• WORK INSTRUCTION
From the material below, return exactly the lines starting at the one that holds "Inside, the Impala" and ending at the one that holds "天使动漫 计算化学和分子模拟". Pictures stay out of the answer.

• SUPPLIED DATA
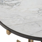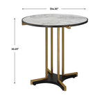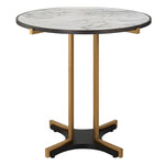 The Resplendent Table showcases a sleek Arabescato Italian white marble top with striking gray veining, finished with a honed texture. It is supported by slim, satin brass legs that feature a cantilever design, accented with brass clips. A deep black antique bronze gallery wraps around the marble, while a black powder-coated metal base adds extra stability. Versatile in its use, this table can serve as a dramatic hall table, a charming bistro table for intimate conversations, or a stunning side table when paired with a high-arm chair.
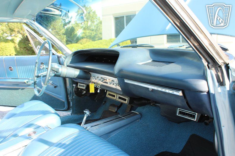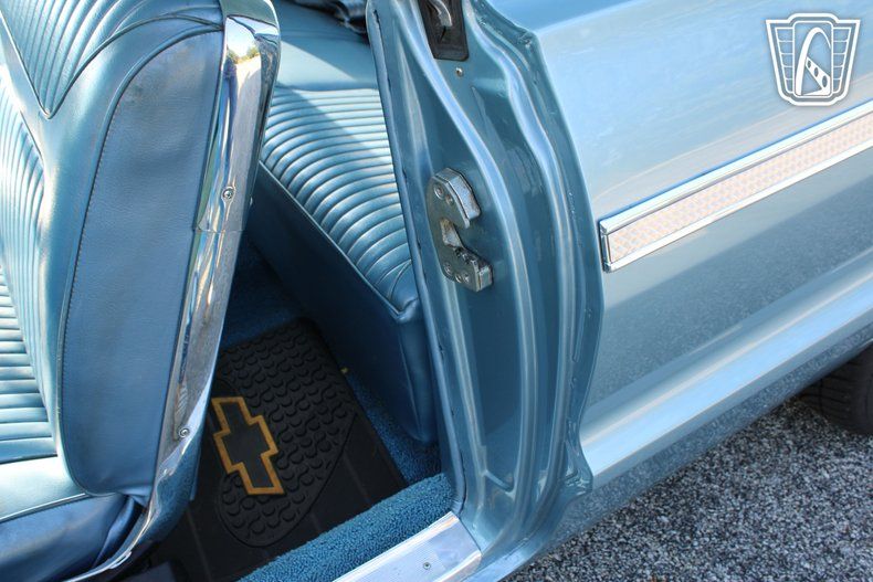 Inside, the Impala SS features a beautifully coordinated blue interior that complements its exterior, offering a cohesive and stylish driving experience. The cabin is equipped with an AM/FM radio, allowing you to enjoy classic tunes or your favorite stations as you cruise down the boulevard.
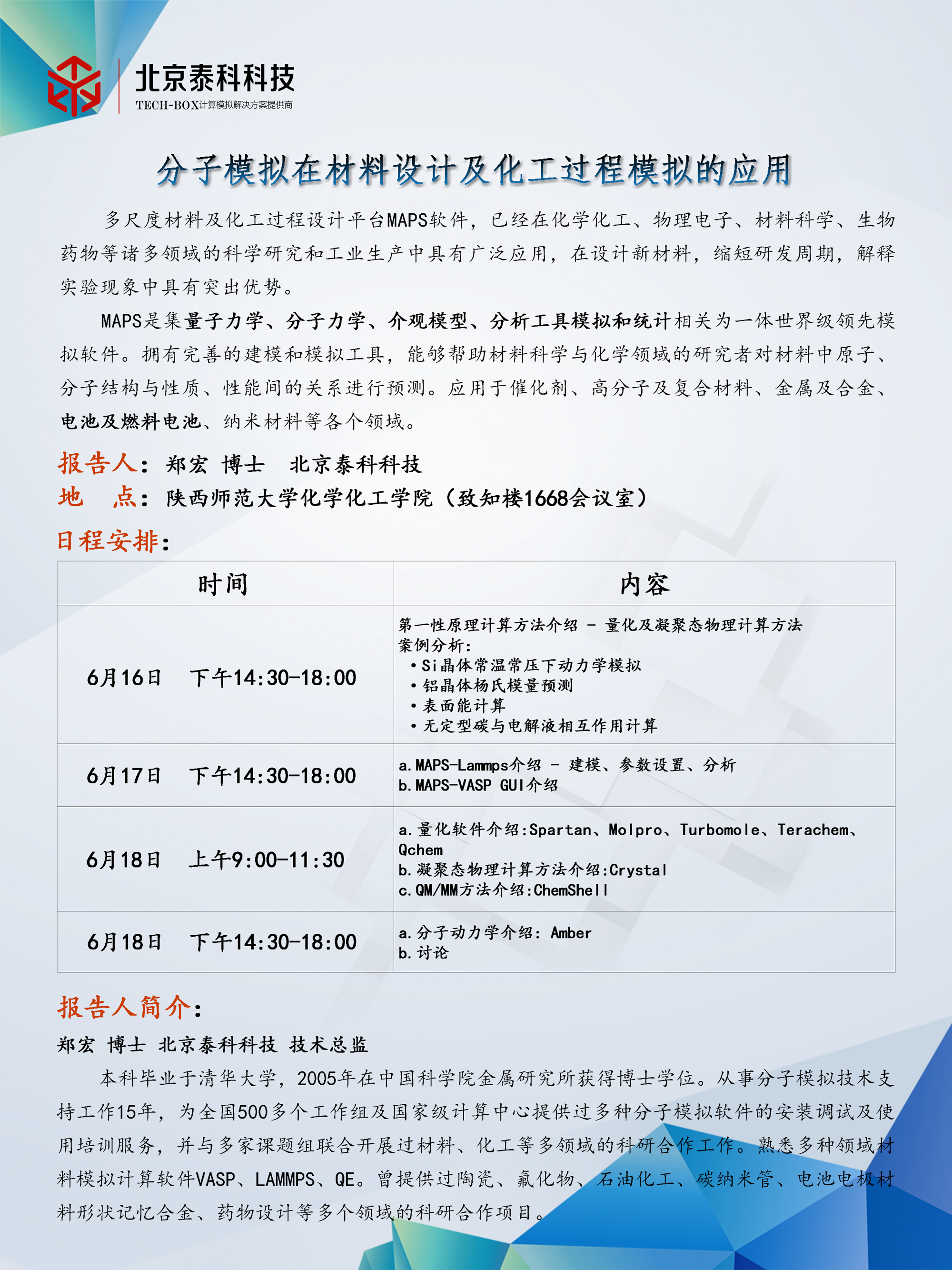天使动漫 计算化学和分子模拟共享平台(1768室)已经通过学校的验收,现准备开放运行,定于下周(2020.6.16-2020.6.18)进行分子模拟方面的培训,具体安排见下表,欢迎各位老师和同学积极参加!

==

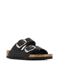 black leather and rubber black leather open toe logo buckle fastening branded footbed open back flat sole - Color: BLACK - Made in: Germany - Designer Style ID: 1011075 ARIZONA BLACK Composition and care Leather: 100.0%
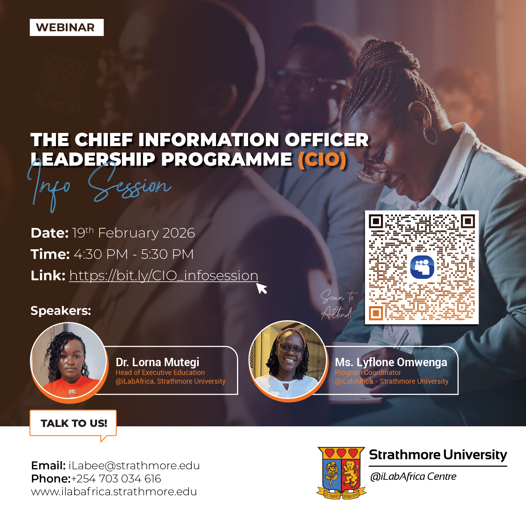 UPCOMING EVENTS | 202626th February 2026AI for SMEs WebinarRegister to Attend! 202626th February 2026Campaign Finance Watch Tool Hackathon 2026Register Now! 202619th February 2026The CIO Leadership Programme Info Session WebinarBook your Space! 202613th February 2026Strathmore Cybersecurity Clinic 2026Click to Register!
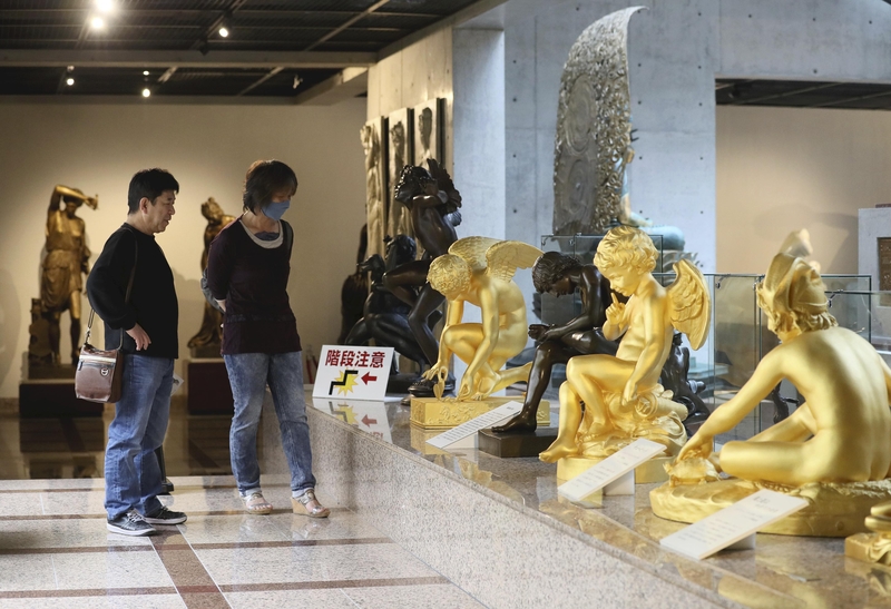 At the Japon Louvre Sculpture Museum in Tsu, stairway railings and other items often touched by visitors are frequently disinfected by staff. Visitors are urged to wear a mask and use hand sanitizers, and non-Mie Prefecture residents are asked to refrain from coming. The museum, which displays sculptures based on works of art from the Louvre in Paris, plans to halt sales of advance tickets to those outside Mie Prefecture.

• ANSWER TO THIS TASK
 Inside, the Impala SS features a beautifully coordinated blue interior that complements its exterior, offering a cohesive and stylish driving experience. The cabin is equipped with an AM/FM radio, allowing you to enjoy classic tunes or your favorite stations as you cruise down the boulevard.
天使动漫 计算化学和分子模拟共享平台(1768室)已经通过学校的验收,现准备开放运行,定于下周(2020.6.16-2020.6.18)进行分子模拟方面的培训,具体安排见下表,欢迎各位老师和同学积极参加!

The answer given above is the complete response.